Task details – Within the entries below, please retype exactly the lines starting with the line that has "(鐵板牙自攻螺絲) B-2: Plastic" and going on through the line that has "Der offen gestaltete", but not the pictures.

--- Extracted information Enclosed Below ---

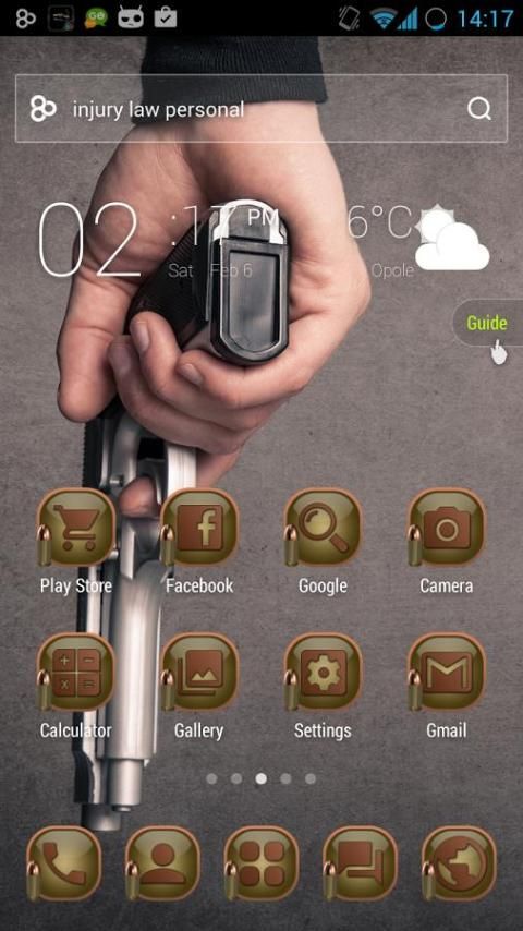 Пистолет оружие Тема разработана специально для любителей шутер от первого лица игры. Если вы хотели бы использовать оружие в виртуальном мире вы будете любить этот прохладный пусковой кожу. Что вы получите или пусковая тема? Четыре удивительные обои с оружием. Каждый из пушек имеют серебряную или хромированную цвет ствола. Это будет выглядеть удивительным на главном экране. Специально для Вас мы разработали более 40 пользовательских иконок в военной камуфляжной кожи с пулей в углу.
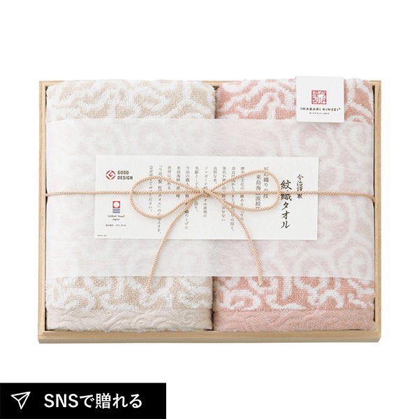 日本の伝統的な模様である唐草模様と来島海峡の荒波をイメージした波模様から着想を得た、手描きの不規則な曲線を美しく表現したタオルギフト。厳選された2種類のパイル糸を使い、ふっくらとやわらかいタオルになっています。品格を感じる木箱に入ったギフトです。
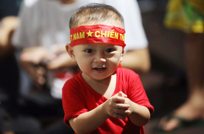 Bé Đăng Khôi vỗ tay ăn mừng cùng hàng nghìn cổ động viên ở sân Hoa Lư.
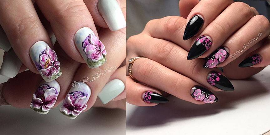 Теперь нужно проявить свою фантазию и определиться с желаемым рисунком. Новичкам лучше всего отдать свое предпочтение флористической тематике (цветы, листья, фрукты), поскольку такие изображения наносить легче всего. Кстати, уже набив руку в этом деле, в дальнейшем можно будет выполнять на ногтях более сложную объемную лепку, включающую в себя фигурки всевозможных животных, птиц, бабочек — все будет зависеть от полета фантазии.
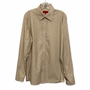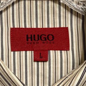 Hugo Boss Large Men's Beige Pinstriped Long Sleeve Button Down Shirt
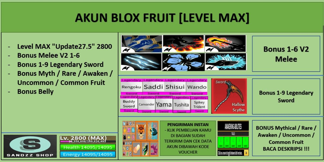 (Read the description below !!!) (Automatic Account Delivery, Check Order History for account data information) Account Specs: - MAX Level "Update 27.5" 2800 - Bonus 1-6 V2 Melee - Bonus 1-9 Legendary Sword - Bonus Awaken / Rare / Myth / Uncommon / Common Fruit - Bonus Hallow Scythe (If Lucky) - Bonus Accessories in Inventory - Bonus Belly - Account guaranteed safe, please check the reviews NOTICE !!! - As sales now use Instant Delivery, after making payment, please directly check your Purchase History. The account data has been automatically sent there. - If anything is unclear, please send me a message - Do not delete / Uninstall the Roblox Application without logging out first
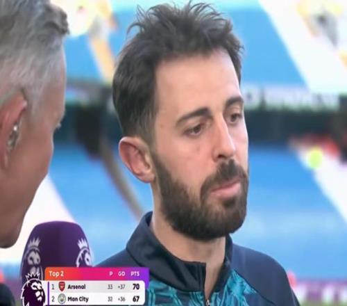 英超第33輪,曼城主場(chǎng)2-1擊敗阿森納,賽后,曼城隊(duì)長(zhǎng)伯納多-席爾瓦在現(xiàn)場(chǎng)接受了英超官方的采訪。
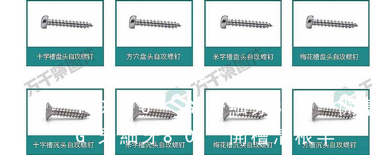 (鐵板牙自攻螺絲) B-2: Plastic Tapping Screw. (塑膠用,自攻螺絲) C: Wooden Screw : 木工螺絲 D: Drywall Screw :水泥墻螺絲 E: Self Drilling Screws鉆尾螺絲(不銹鋼鉆尾螺絲,復合材料鉆尾螺絲) F:膨脹螺絲,四片膨脹螺絲又
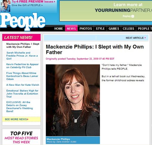 메켄지 필립스는 자서전을 통해 19세 때 결혼식 전날 아버지와 서로 마약에 취한 채 처음으로 동침했다고 밝혔다.
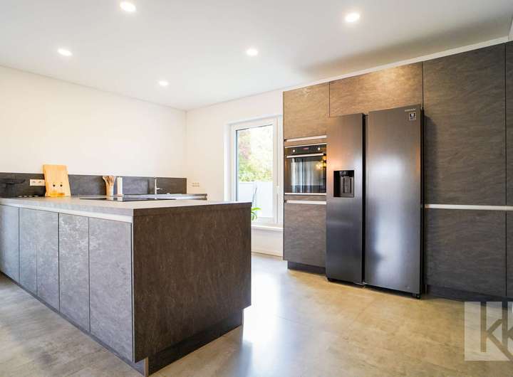 Der offen gestaltete Wohn- und Essbereich mit hochwertiger Einbauküche bildet das Herzstück des Hauses. Von hier gelangen Sie direkt auf die Terrasse und in den Garten – perfekt für gemeinsame Stunden im Freien. Der angrenzende Hauswirtschaftsraum bietet Stauraum und Zugang zu allen technischen Anschlüssen; über eine separate Tür erreichen Sie den Carport – ideal für kurze Wege beim Ankommen oder Einkaufen.
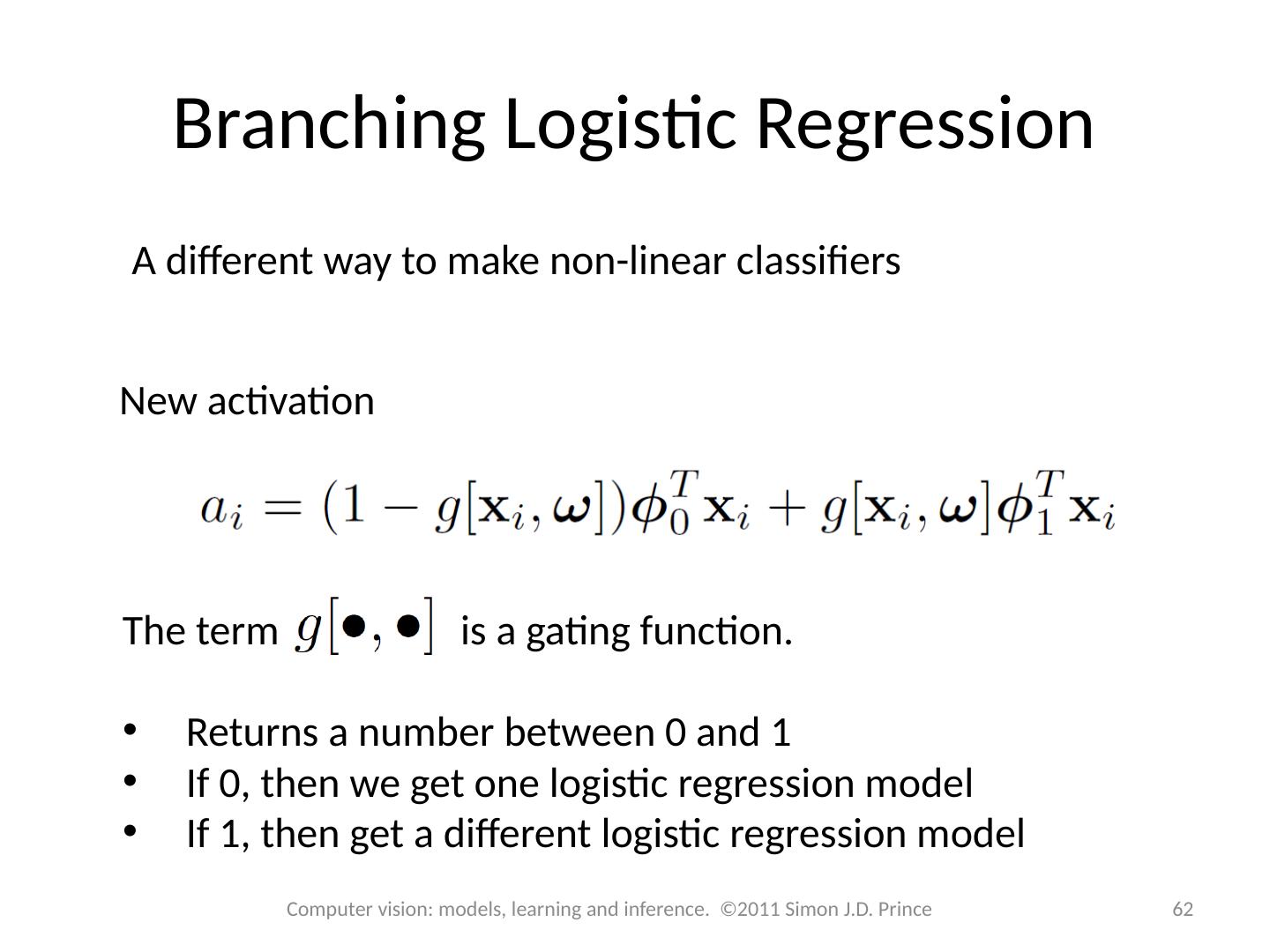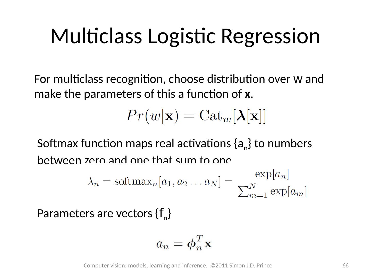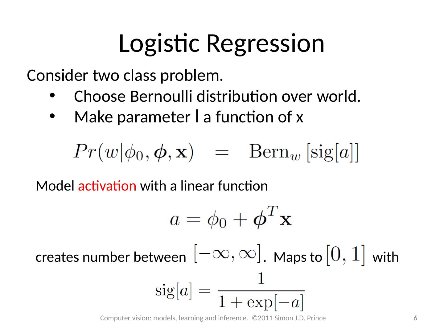 6 .Logistic Regression Consider two class problem. Choose Bernoulli distribution over world. Make parameter l a function of x Model activation with a linear function creates number between . Maps to with 6 Computer vision: models, learning and inference. ©2011 Simon J.D. Prince

--- End of Enclosed Extracted information ---

Answer space –
 (鐵板牙自攻螺絲) B-2: Plastic Tapping Screw. (塑膠用,自攻螺絲) C: Wooden Screw : 木工螺絲 D: Drywall Screw :水泥墻螺絲 E: Self Drilling Screws鉆尾螺絲(不銹鋼鉆尾螺絲,復合材料鉆尾螺絲) F:膨脹螺絲,四片膨脹螺絲又
 메켄지 필립스는 자서전을 통해 19세 때 결혼식 전날 아버지와 서로 마약에 취한 채 처음으로 동침했다고 밝혔다.
 Der offen gestaltete Wohn- und Essbereich mit hochwertiger Einbauküche bildet das Herzstück des Hauses. Von hier gelangen Sie direkt auf die Terrasse und in den Garten – perfekt für gemeinsame Stunden im Freien. Der angrenzende Hauswirtschaftsraum bietet Stauraum und Zugang zu allen technischen Anschlüssen; über eine separate Tür erreichen Sie den Carport – ideal für kurze Wege beim Ankommen oder Einkaufen.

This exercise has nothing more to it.